Als Nachweis für ein Fossil oder Lebewesen reicht niemals der äußere Anschein aus, vielmehr muss auch der Kontext plausibel sein:
Für die Unterscheidung von Fossilien und Pseudofossilien braucht es weitere Fossilfunde in der Umgebung, fossiltragendes Gestein und eine mehr als oberflächliche Untersuchung inklusive chemischer Analysen zur Verifizierung einer solcher Beobachtung. Ist das nicht möglich, wie hier, handelt es sich nicht um Wissenschaft, sondern um Pseudowissenschaft und Spekulation.

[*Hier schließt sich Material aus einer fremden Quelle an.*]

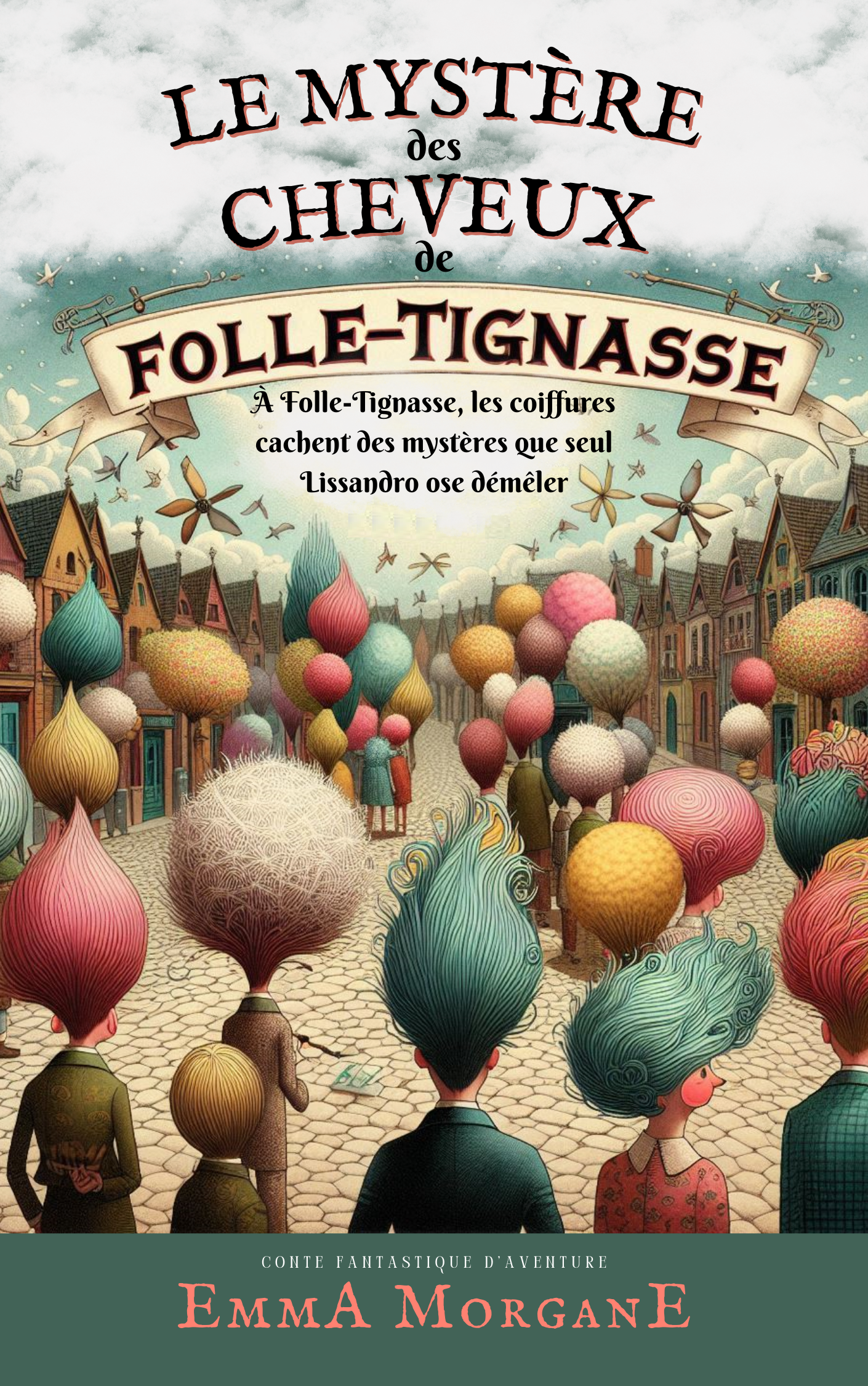Dans la ville fantastique de Folle-Tignasse, chaque tête est une surprise : cheveux en forme de moulins à vent, nids d’oiseaux, ou même cascades d’eau. Ces coiffures extraordinaires, bien qu’amusantes, intriguent et inquiètent les habitants. Personne n’a jamais compris pourquoi les cheveux des Fol-Tigneux défient ainsi la logique…

Auch für die Behauptung, es gäbe Pilze und Flechten auf dem Mars, bräuchte es dementsprechende Umgebungsdaten: Beide Lebewesen müssen sich von etwas ernähren, benötigen flüssiges Wasser und betreiben Stoffwechsel. Dazu gehört ein Gasaustausch mit ihrer Umgebungsatmosphäre. Obwohl eine ganze Reihe von Satelliten den Mars auf genau solche Spuren untersuchen und mittlerweile mehrere Rover dort umherfahren, hat keine andere Arbeitsgruppe Hinweise auf Lebensformen gefunden.